(Dataset excerpts)
━━━━━━━━
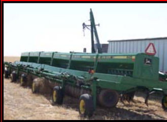
JD 9400 60' HOE DRILLS
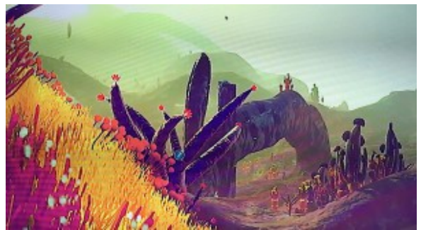
Not Kansas. And not Ohio, either, Dorothy.

And the two of us waited for it to come out.
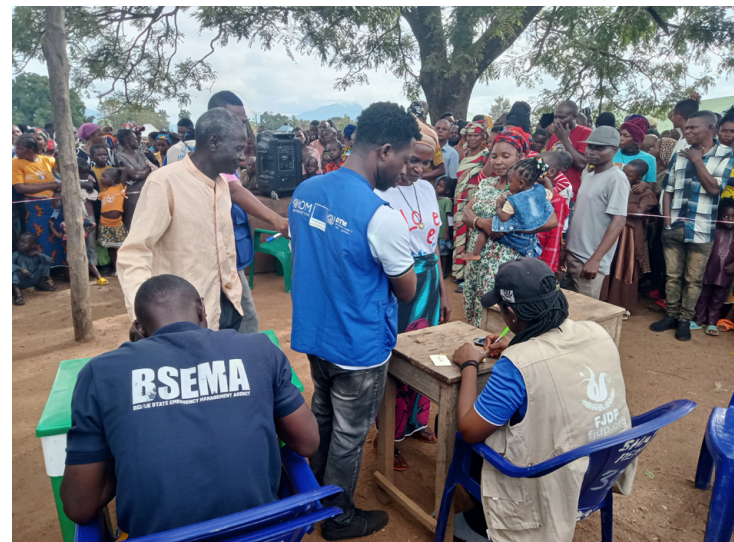
Token verification @IOM-DTM/2023

For more information or to report an alert, please contact: DTM Nigeria: iomnigeriadtm@iom.int | dtm.iom.int/nigeria More products are available on https://dtm.iom.int/nigeria
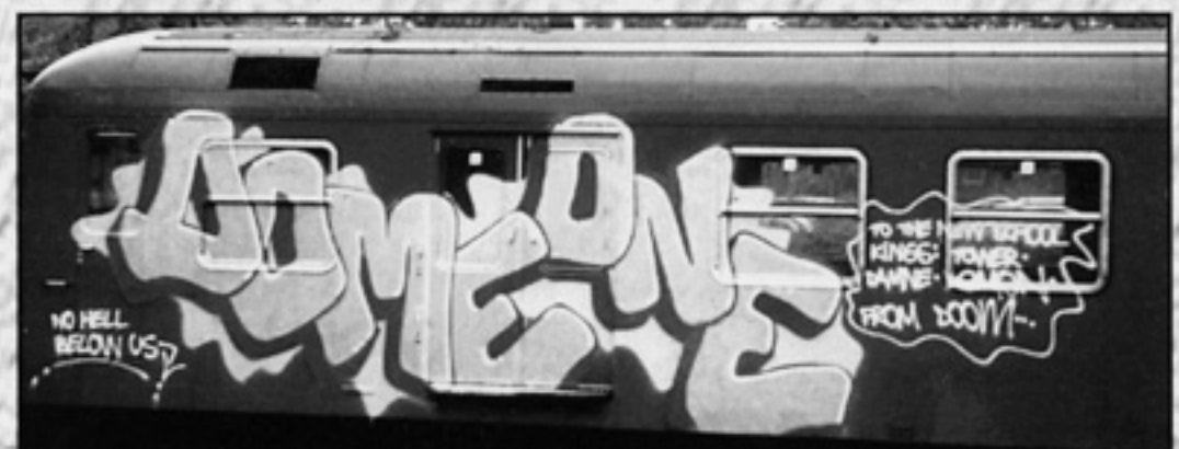
"DOME ONE" by DOOM (S-Train)
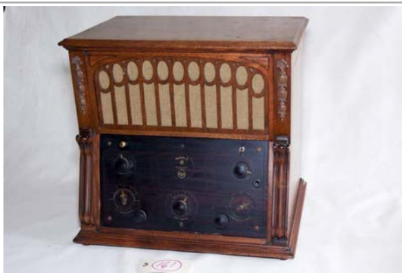
161. Radiola / X (i.e. 10) TRF; 1924; modified to use 864 tubes in place of WD199's; has tubes
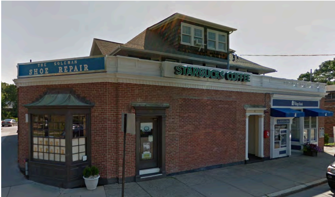
Former Waban Hall building and Wyman Street extensions. From right to left No. 89 Wyman St.; entry to stairs to upper level (No. 91); bricked-over storefront of former No. 93; No. 95. From July 2017 Street View image.
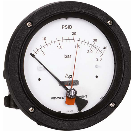
Model 140 0-40 PSID & 0-2.8 Bar with 4-1/2" Dial & maximum follower pointer
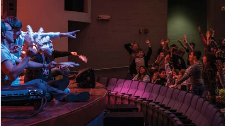
Pamyua Middle School concert

Last year, Finnish and Yup'ik Inuit musical groups visited Oskaloosa for a week at a time, offering educational events, workshops, performances, and much more. World Fest provides an opportunity to experience music, language, and culture from across the world in your backyard.
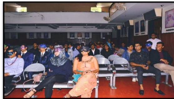
During the event
━━━━━━━━
■ **ASSIGNMENT**
Retype only the lines from the line with "Token verification @IOM-DTM/2023" through the last line of the data. Keep both ends and skip the pictures.

■ **TASK RESPONSE**
Token verification @IOM-DTM/2023

For more information or to report an alert, please contact: DTM Nigeria: iomnigeriadtm@iom.int | dtm.iom.int/nigeria More products are available on https://dtm.iom.int/nigeria
"DOME ONE" by DOOM (S-Train)
161. Radiola / X (i.e. 10) TRF; 1924; modified to use 864 tubes in place of WD199's; has tubes
Former Waban Hall building and Wyman Street extensions. From right to left No. 89 Wyman St.; entry to stairs to upper level (No. 91); bricked-over storefront of former No. 93; No. 95. From July 2017 Street View image.
Model 140 0-40 PSID & 0-2.8 Bar with 4-1/2" Dial & maximum follower pointer
Pamyua Middle School concert

Last year, Finnish and Yup'ik Inuit musical groups visited Oskaloosa for a week at a time, offering educational events, workshops, performances, and much more. World Fest provides an opportunity to experience music, language, and culture from across the world in your backyard.
During the event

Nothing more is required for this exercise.